## Assigned task
Using the material below, print a verbatim copy of every line from the one containing "and specificity of" through the one containing "No ecrã de confirmação, o", inclusive, and omit the pictures.

## Records to process
● ● ● ● ●

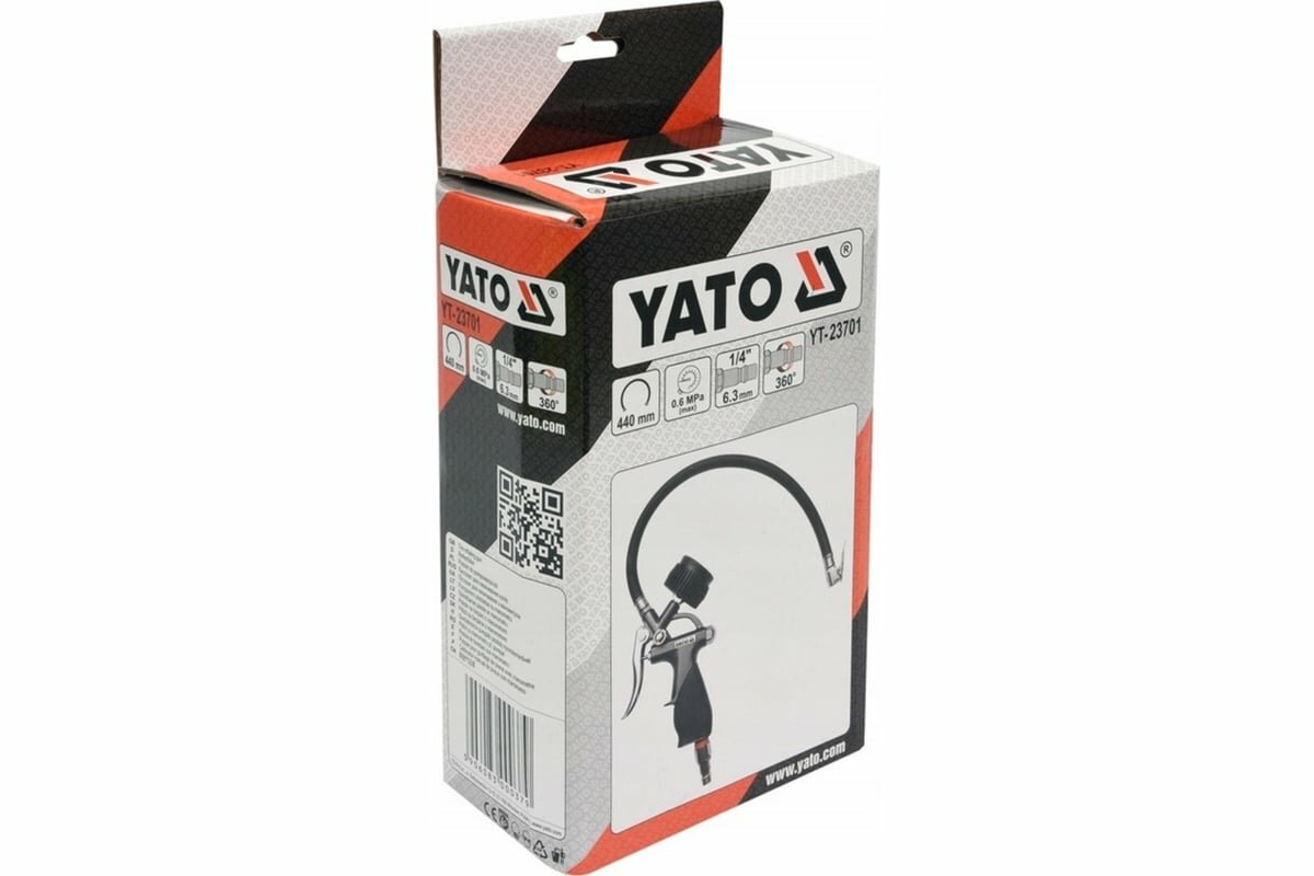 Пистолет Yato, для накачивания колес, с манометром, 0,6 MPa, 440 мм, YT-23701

● ● ● ● ●

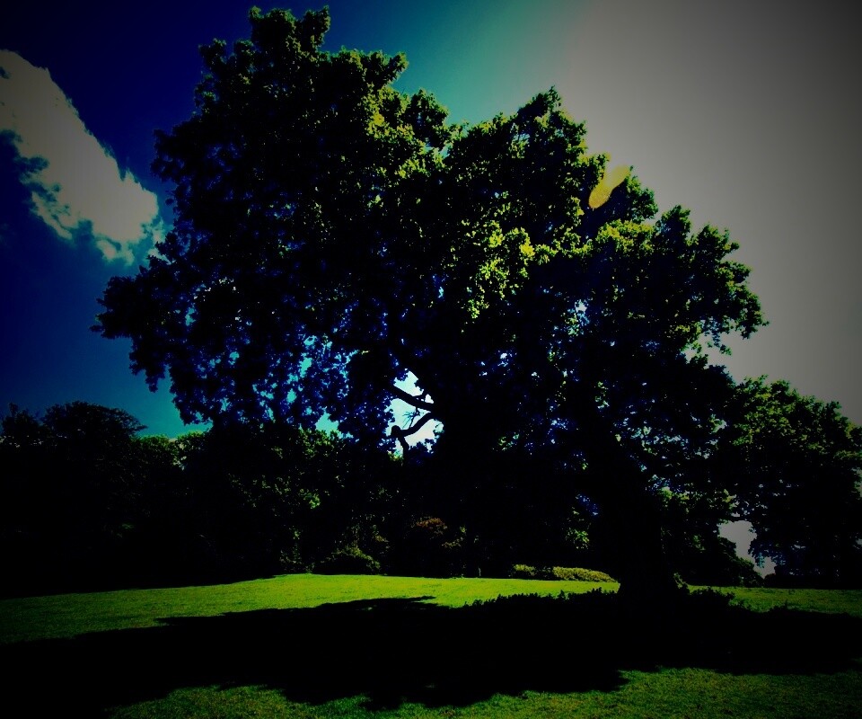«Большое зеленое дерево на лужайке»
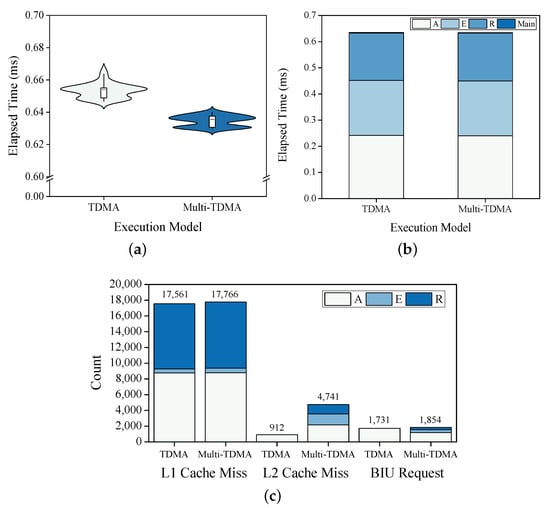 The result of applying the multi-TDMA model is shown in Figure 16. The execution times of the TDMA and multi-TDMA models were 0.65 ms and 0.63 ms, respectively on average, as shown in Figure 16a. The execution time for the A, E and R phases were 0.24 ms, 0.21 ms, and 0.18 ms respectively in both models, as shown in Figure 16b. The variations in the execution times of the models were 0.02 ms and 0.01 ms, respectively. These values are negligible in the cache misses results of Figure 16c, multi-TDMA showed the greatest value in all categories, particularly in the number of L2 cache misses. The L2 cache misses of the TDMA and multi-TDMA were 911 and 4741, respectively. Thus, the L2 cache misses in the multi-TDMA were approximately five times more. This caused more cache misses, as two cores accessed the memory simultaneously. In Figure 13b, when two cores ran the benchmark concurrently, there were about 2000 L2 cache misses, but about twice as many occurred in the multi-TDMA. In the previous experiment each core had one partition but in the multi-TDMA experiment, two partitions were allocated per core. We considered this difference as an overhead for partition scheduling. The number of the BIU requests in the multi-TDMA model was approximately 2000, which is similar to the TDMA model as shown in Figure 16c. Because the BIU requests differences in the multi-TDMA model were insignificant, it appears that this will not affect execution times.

● ● ● ● ●

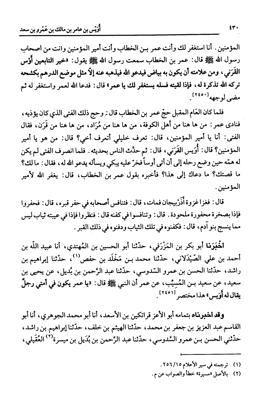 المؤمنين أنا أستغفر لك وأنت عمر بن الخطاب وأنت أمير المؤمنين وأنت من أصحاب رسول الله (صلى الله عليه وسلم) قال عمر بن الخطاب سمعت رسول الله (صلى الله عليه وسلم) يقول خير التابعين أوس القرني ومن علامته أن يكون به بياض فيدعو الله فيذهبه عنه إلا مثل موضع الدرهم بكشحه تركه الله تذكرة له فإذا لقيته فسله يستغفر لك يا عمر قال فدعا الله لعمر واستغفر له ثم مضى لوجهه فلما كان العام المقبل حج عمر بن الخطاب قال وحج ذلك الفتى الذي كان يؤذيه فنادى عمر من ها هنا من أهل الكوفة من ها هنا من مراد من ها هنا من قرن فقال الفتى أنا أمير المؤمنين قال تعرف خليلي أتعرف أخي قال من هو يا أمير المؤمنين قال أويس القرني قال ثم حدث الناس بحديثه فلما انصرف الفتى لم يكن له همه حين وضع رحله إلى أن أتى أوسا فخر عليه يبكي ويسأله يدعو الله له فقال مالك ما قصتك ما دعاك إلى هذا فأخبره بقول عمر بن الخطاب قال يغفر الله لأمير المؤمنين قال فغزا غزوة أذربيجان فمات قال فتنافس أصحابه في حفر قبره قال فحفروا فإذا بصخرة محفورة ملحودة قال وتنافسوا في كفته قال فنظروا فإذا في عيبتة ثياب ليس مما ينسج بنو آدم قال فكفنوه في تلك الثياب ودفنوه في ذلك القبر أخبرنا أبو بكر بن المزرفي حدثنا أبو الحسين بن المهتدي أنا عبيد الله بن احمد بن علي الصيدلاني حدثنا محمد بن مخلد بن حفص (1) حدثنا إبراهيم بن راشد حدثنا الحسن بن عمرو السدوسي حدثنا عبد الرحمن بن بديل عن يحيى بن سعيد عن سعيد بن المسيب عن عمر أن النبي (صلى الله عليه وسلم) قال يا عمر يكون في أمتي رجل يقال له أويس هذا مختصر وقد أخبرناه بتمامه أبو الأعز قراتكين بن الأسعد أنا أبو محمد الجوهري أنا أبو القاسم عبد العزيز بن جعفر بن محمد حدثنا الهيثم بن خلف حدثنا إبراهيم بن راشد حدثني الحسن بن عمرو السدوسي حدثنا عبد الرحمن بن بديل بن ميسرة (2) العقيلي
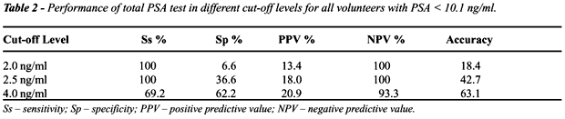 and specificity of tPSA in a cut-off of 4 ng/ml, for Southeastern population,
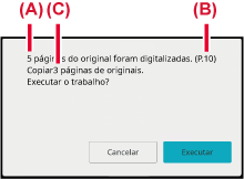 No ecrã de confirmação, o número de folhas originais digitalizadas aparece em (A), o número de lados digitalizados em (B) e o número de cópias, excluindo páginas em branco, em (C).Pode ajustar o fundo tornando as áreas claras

● ● ● ● ●

## Written solution
 and specificity of tPSA in a cut-off of 4 ng/ml, for Southeastern population,
 No ecrã de confirmação, o número de folhas originais digitalizadas aparece em (A), o número de lados digitalizados em (B) e o número de cópias, excluindo páginas em branco, em (C).Pode ajustar o fundo tornando as áreas claras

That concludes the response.